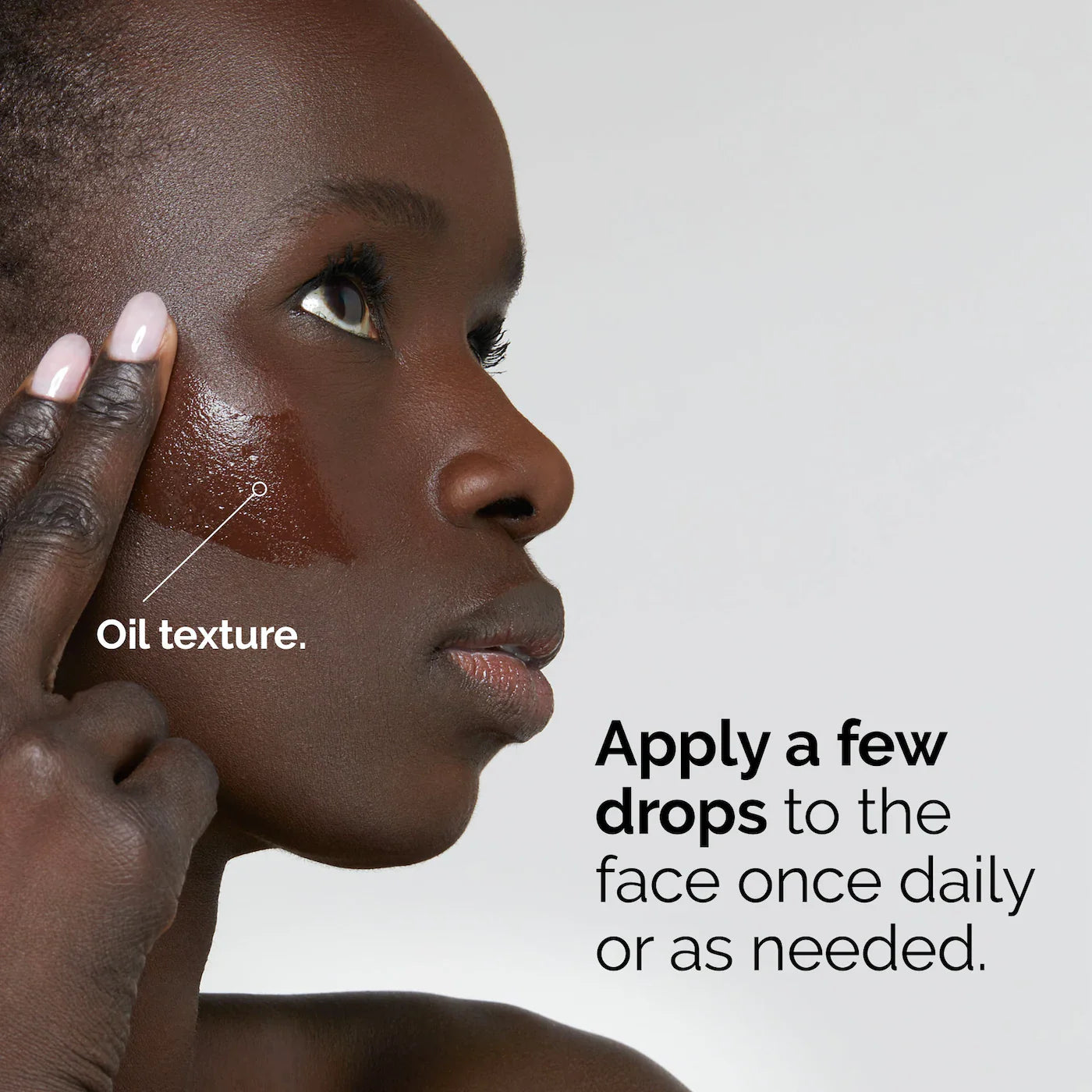 Apply a few drops to the entire face once daily or as needed.
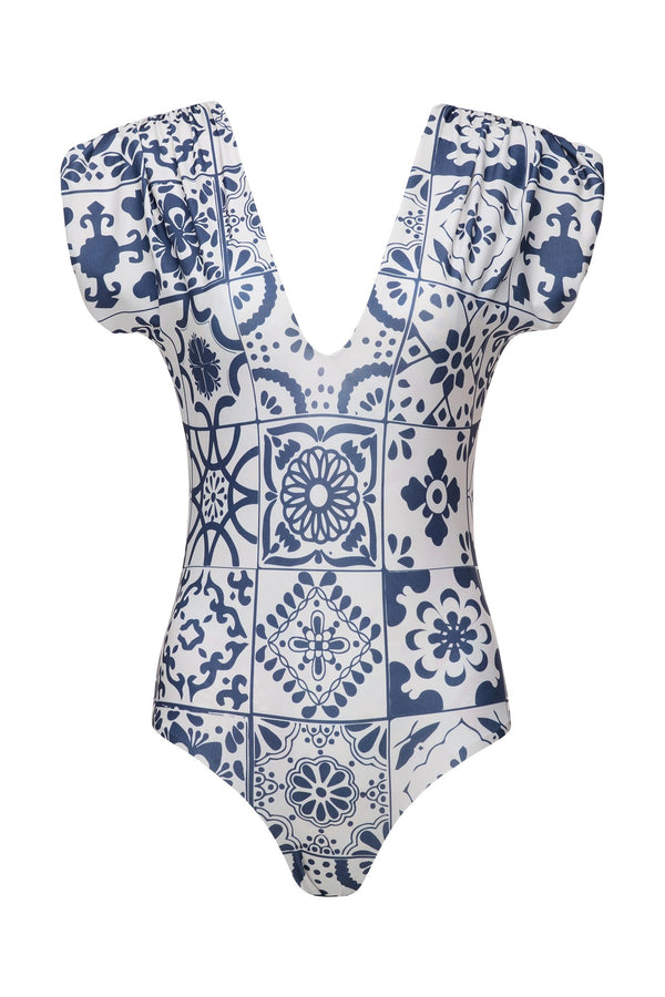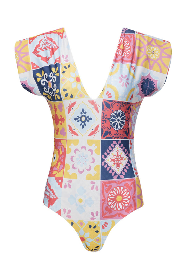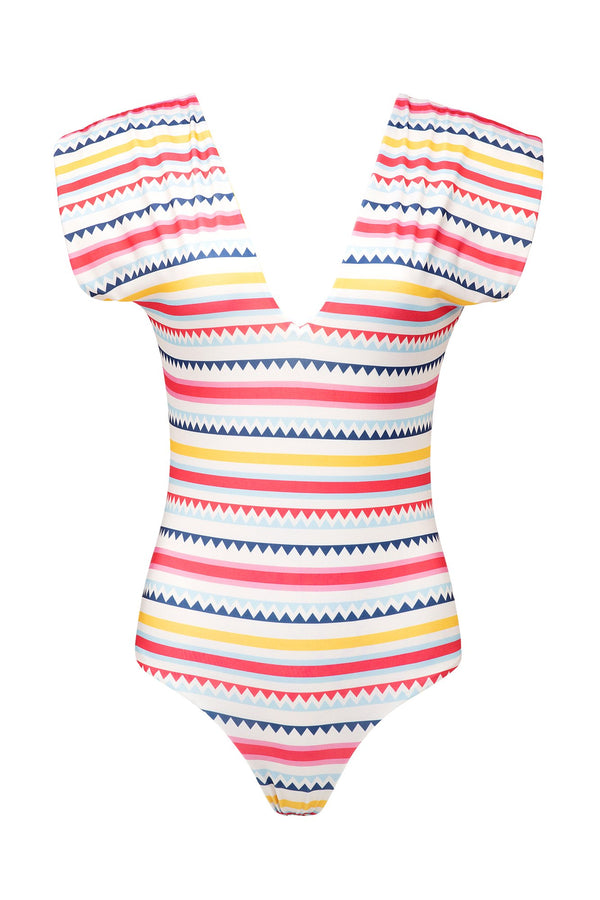 Description One piece swimsuit featuring ruched sleeves, v neckline, and low back. Made with ECOCEANĀ® - Recycled polyester from PET bottles, industrial polyester wastes and even clothing. The printing process is environmentally friendly, being a dry print (without the use...
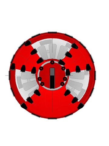 Mikrotunnelbaumaschine mit pneumatischer Förderung (Verfahren AVP [FI-Herreb]) - Ansicht des Standardbohrkopfes (Schürfscheibe) mit Blick auf die Zellenradschleuse hinter der Abbaukammer |
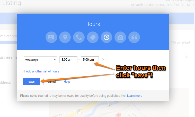 On the editing page you can edit your hours of operation, add photos, edit your business description, contact info, and location. It is always a great idea to add photos and be as specific as possible when you add your business introduction!
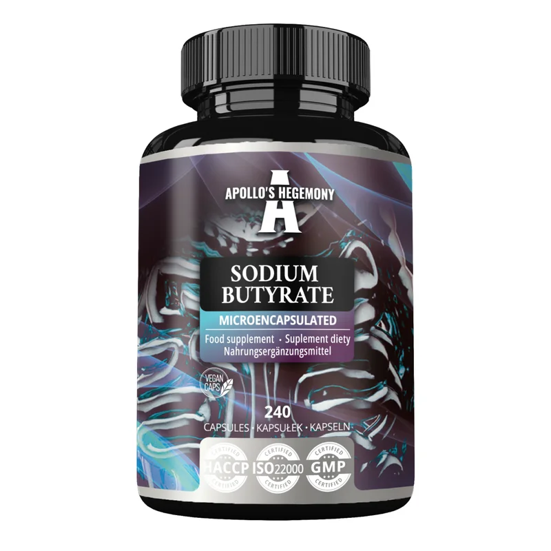 Apollo's Hegemony, Sodium Butyrate to suplement diety, którego składniki wspierają równowagę mikroflory jelitowej oraz procesy metaboliczne. Zawarta w nim maślan sodu może wspomagać funkcjonowanie układu pokarmowego oraz odgrywać rolę w regulacji stanów zapalnych. Produkt ten jest dedykowany dla osób dorosłych dbających o właściwe wsparcie organizmu w codziennej diecie.
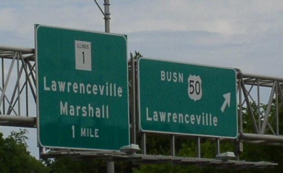 The western end of BUSN U.S. Rt. 50. The western end marker. A BGS on EB U.S. Rt. 50. A junction sign on EB IL St Rt 250 at Lawrenceville. EB BUSN. U.S. Rt. 50 in Lawrenceville. EB BUSN. U.S. Rt. 50 near Downtown Lawrenceville. A Lawrence County mile marker on the eastside of Lawrenceville. Note: For the BUSN. designation the use of the letter "B". In Woodford and Tazewell Counties on BUSN. U.S. Rt. 24, "BUSN" was used instead of a "B". A BGS on WB U.S. Rt. 50. Another BGS on WB U.S. Rt. 50. The eastern end of BUSN U.S. Rt. 50. The eastern end marker.
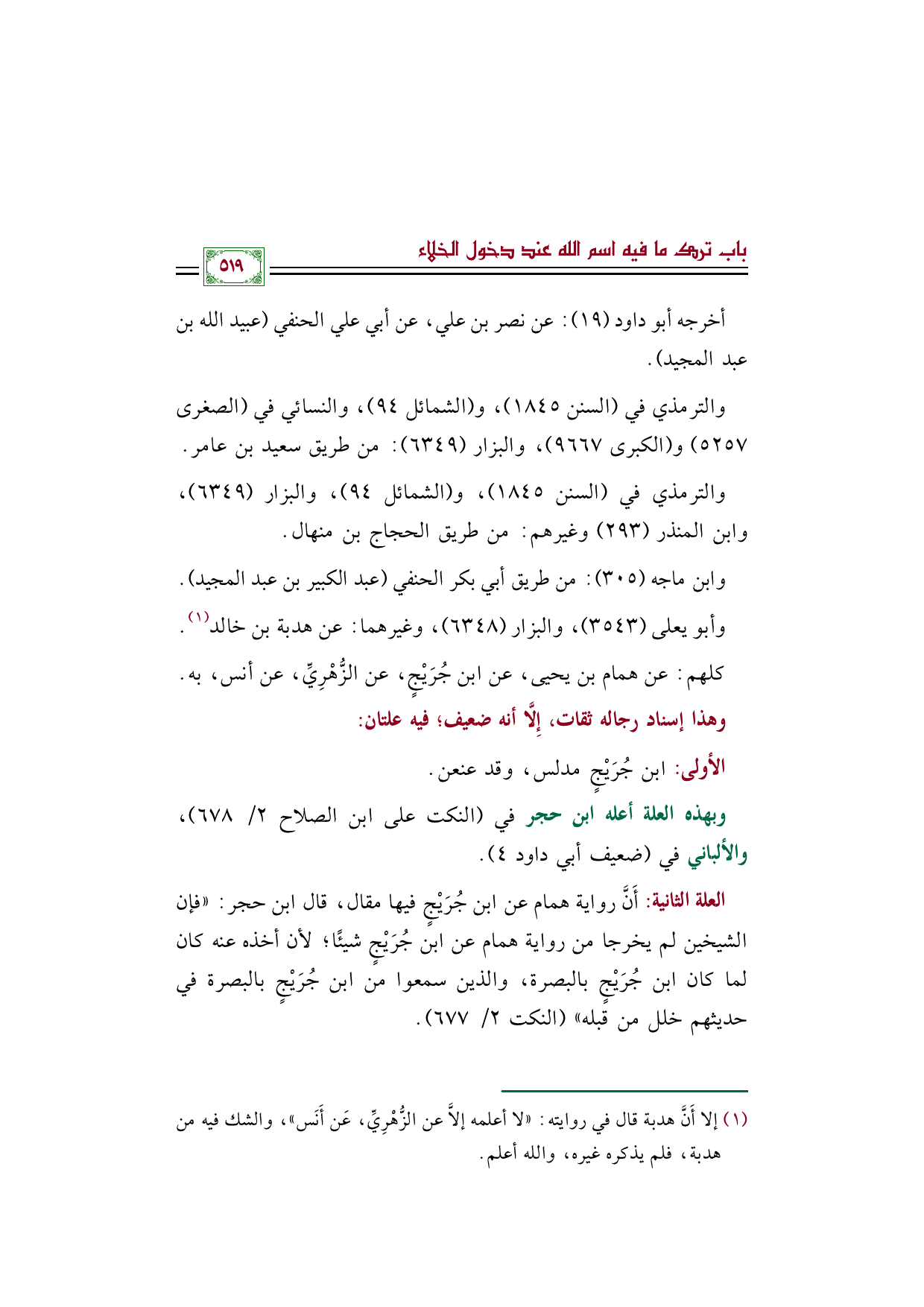 وبهذه العلة أعله ابن حجر في (النكت على ابن الصلاح ٢/ ٦٧٨)، والألباني في (ضعيف أبي داود ٤).

■ ■ ■ ■ ■

> _WHAT TO DO_
Nothing but an exact copy belongs in the answer: the lines from the top of the records through the line containing "Apollo's Hegemony, Sodium", minus the pictures.

> _PROBLEM SOLUTION_
 Apply a few drops to the entire face once daily or as needed.
 Description One piece swimsuit featuring ruched sleeves, v neckline, and low back. Made with ECOCEANĀ® - Recycled polyester from PET bottles, industrial polyester wastes and even clothing. The printing process is environmentally friendly, being a dry print (without the use...
 Mikrotunnelbaumaschine mit pneumatischer Förderung (Verfahren AVP [FI-Herreb]) - Ansicht des Standardbohrkopfes (Schürfscheibe) mit Blick auf die Zellenradschleuse hinter der Abbaukammer |
 On the editing page you can edit your hours of operation, add photos, edit your business description, contact info, and location. It is always a great idea to add photos and be as specific as possible when you add your business introduction!
 Apollo's Hegemony, Sodium Butyrate to suplement diety, którego składniki wspierają równowagę mikroflory jelitowej oraz procesy metaboliczne. Zawarta w nim maślan sodu może wspomagać funkcjonowanie układu pokarmowego oraz odgrywać rolę w regulacji stanów zapalnych. Produkt ten jest dedykowany dla osób dorosłych dbających o właściwe wsparcie organizmu w codziennej diecie.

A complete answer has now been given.